→ **Task goal**:
Please output the listing exactly as it stands, but omit any images.

→ **Material for this exercise**:

============

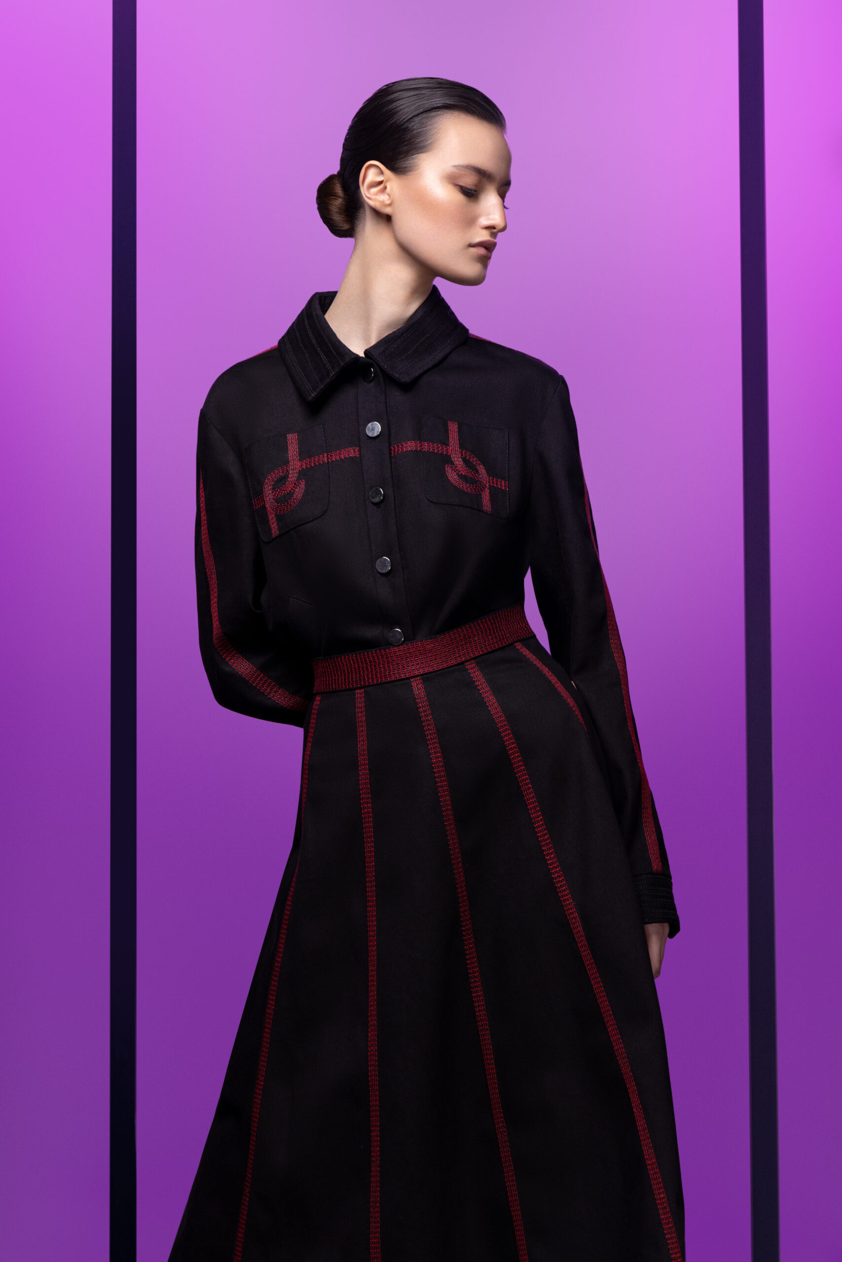 This collection of dark, sophisticated expressions evokes captivating allure, sumptuous opulence and pure power in the moment. Vivid touches of saturated color add shimmer to strong silhouettes in dominant shades of black. Like bursts of exhilaration, Sangria and Purple Magic sequins splash across tulle-embroidered costumes. In the same breath, Fanfare Aqua and a touch of Nautical Blue cascade over strapless dresses and plunging V-neck gowns, illuminating more defined lines. Floral buttons dot New Red scuba miniskirts and Moonflower White cotton shirts, while three-dimensional foliage blooms in boxy leather shirts and matching A-line skirts. Embroidered geometric monograms slip youthfully onto structured denim skirts, emphasizing contours with illusions of movement.
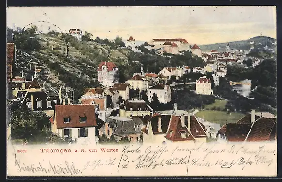 AK Tübingen a. N., Teilansicht mit Kirche von Westen
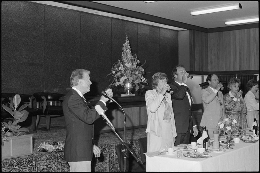 These images were taken by the Evening Standard on the 11th of February 1984 but were not published. They depict former United States president Jimmy Carter and his wife Rosalynn at a luncheon hosted by city officials.
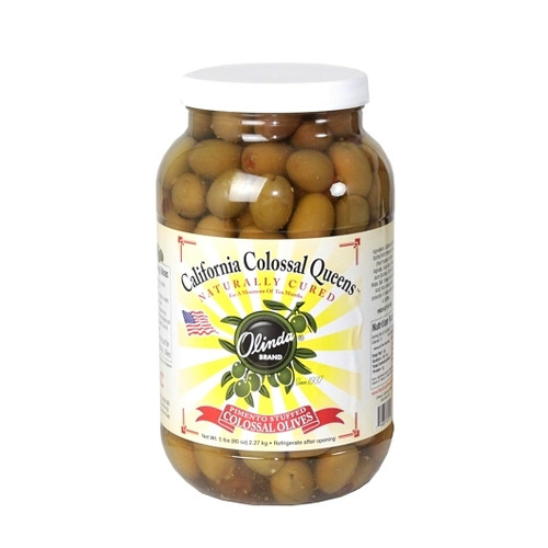 The Olinda Colossal Queen Olives are stuffed with sweet and spicy pimento. These olives are excellent for snacking, adding to pizza, pasta, salads, cocktails, and more. The bulk case with 4 packs of Olinda Colossal Stuffed Queen Olives is ideal for restaurants, diners, and cafes. -
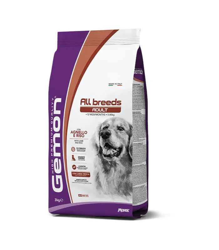 Monge Gemon sa Jagnjetinom i rižom je kompletna hrana za odrasle pse svih veličina. Formulaciju karakterišu sastojci vrhunskog kvaliteta kao što su janjetina, izvor esencijalnih nutrijenata, i pirinač, izvor ugljikohidrata. Recept je vrlo probavljiv zahvaljujući procesu ekstruzije. Uravnotežena ishrana sa prebioticima, kao što su frukto-oligosaharidi (FOS) i pulpa cvekle, izvor nerastvorljivih vlakana koja podržavaju pravilno funkcionisanje crevnog trakta. Sadrži svježe meso za optimalan ukus i L-karnitin za održavanje mišićne mase. Takođe sadrži yucca schidigera za ograničavanje crijevnih mirisa. Bez dodanih vještačkih boja i konzervansa.

============

→ **Written answer**:
 This collection of dark, sophisticated expressions evokes captivating allure, sumptuous opulence and pure power in the moment. Vivid touches of saturated color add shimmer to strong silhouettes in dominant shades of black. Like bursts of exhilaration, Sangria and Purple Magic sequins splash across tulle-embroidered costumes. In the same breath, Fanfare Aqua and a touch of Nautical Blue cascade over strapless dresses and plunging V-neck gowns, illuminating more defined lines. Floral buttons dot New Red scuba miniskirts and Moonflower White cotton shirts, while three-dimensional foliage blooms in boxy leather shirts and matching A-line skirts. Embroidered geometric monograms slip youthfully onto structured denim skirts, emphasizing contours with illusions of movement.
 AK Tübingen a. N., Teilansicht mit Kirche von Westen
 These images were taken by the Evening Standard on the 11th of February 1984 but were not published. They depict former United States president Jimmy Carter and his wife Rosalynn at a luncheon hosted by city officials.
 The Olinda Colossal Queen Olives are stuffed with sweet and spicy pimento. These olives are excellent for snacking, adding to pizza, pasta, salads, cocktails, and more. The bulk case with 4 packs of Olinda Colossal Stuffed Queen Olives is ideal for restaurants, diners, and cafes. -
 Monge Gemon sa Jagnjetinom i rižom je kompletna hrana za odrasle pse svih veličina. Formulaciju karakterišu sastojci vrhunskog kvaliteta kao što su janjetina, izvor esencijalnih nutrijenata, i pirinač, izvor ugljikohidrata. Recept je vrlo probavljiv zahvaljujući procesu ekstruzije. Uravnotežena ishrana sa prebioticima, kao što su frukto-oligosaharidi (FOS) i pulpa cvekle, izvor nerastvorljivih vlakana koja podržavaju pravilno funkcionisanje crevnog trakta. Sadrži svježe meso za optimalan ukus i L-karnitin za održavanje mišićne mase. Takođe sadrži yucca schidigera za ograničavanje crijevnih mirisa. Bez dodanih vještačkih boja i konzervansa.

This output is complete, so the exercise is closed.